→ **Dataset extract**
*-*-*
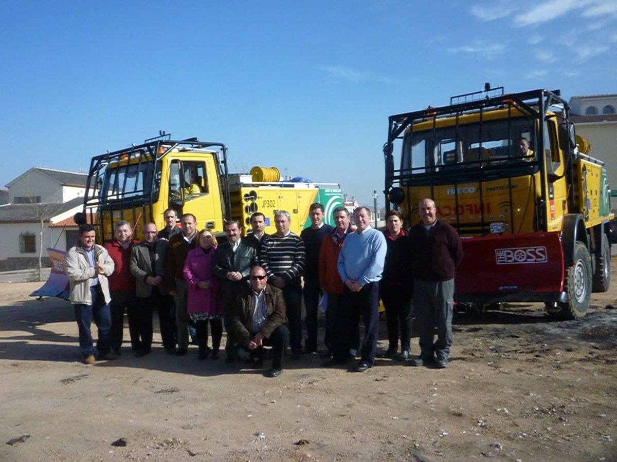 El delegado provincial de Medio Ambiente, José Castro, ha presentado este lunes a los alcaldes de la comarca de Segura los dos nuevos vehículos del dispositivo Infoca adaptados con palas quitanieves para hacer frente a situaciones de emergencia en caso de inclemencias meteorológicas.
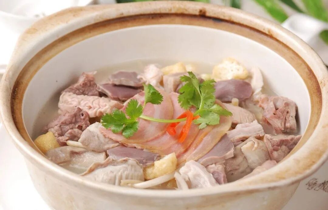 各色的猪耳、脑等内脏放锅里小火慢煨,
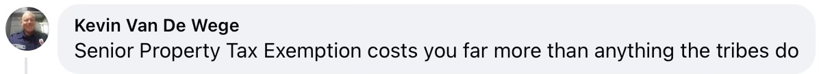 Former state senator and representative Kevin Van de Wege commented on a recent Facebook discussion about rising property taxes, noting that senior citizen exemptions cost far more than tribal trust land exemptions—without providing any numbers.
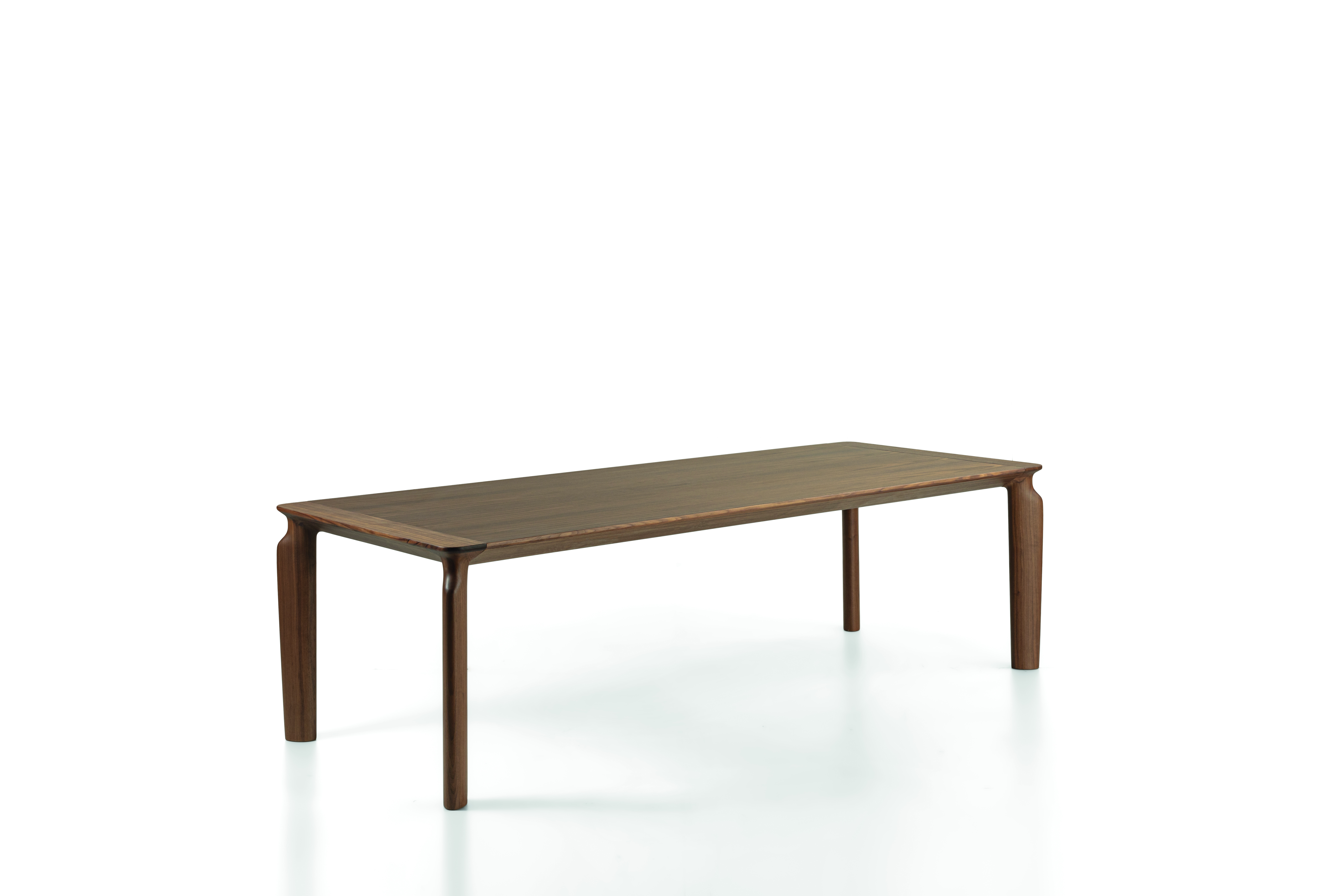 Вторая модель, Amphora L, отличается использованием столешницы из орехового дерева. Этот материал придаёт столу тёплый и естественный оттенок, создавая уютную атмосферу. Ножки стола также изготовлены из массива ореха, что обеспечивает их долговечность и устойчивость. Благодаря этому, стол Amphora L гармонично вписывается в различные интерьеры, добавляя в них природную красоту и тепло.
*-*-*
→ **What you need to do**
Retype the data above exactly; pictures are not part of the copy.

→ **Output of the task**
 El delegado provincial de Medio Ambiente, José Castro, ha presentado este lunes a los alcaldes de la comarca de Segura los dos nuevos vehículos del dispositivo Infoca adaptados con palas quitanieves para hacer frente a situaciones de emergencia en caso de inclemencias meteorológicas.
 各色的猪耳、脑等内脏放锅里小火慢煨,
 Former state senator and representative Kevin Van de Wege commented on a recent Facebook discussion about rising property taxes, noting that senior citizen exemptions cost far more than tribal trust land exemptions—without providing any numbers.
 Вторая модель, Amphora L, отличается использованием столешницы из орехового дерева. Этот материал придаёт столу тёплый и естественный оттенок, создавая уютную атмосферу. Ножки стола также изготовлены из массива ореха, что обеспечивает их долговечность и устойчивость. Благодаря этому, стол Amphora L гармонично вписывается в различные интерьеры, добавляя в них природную красоту и тепло.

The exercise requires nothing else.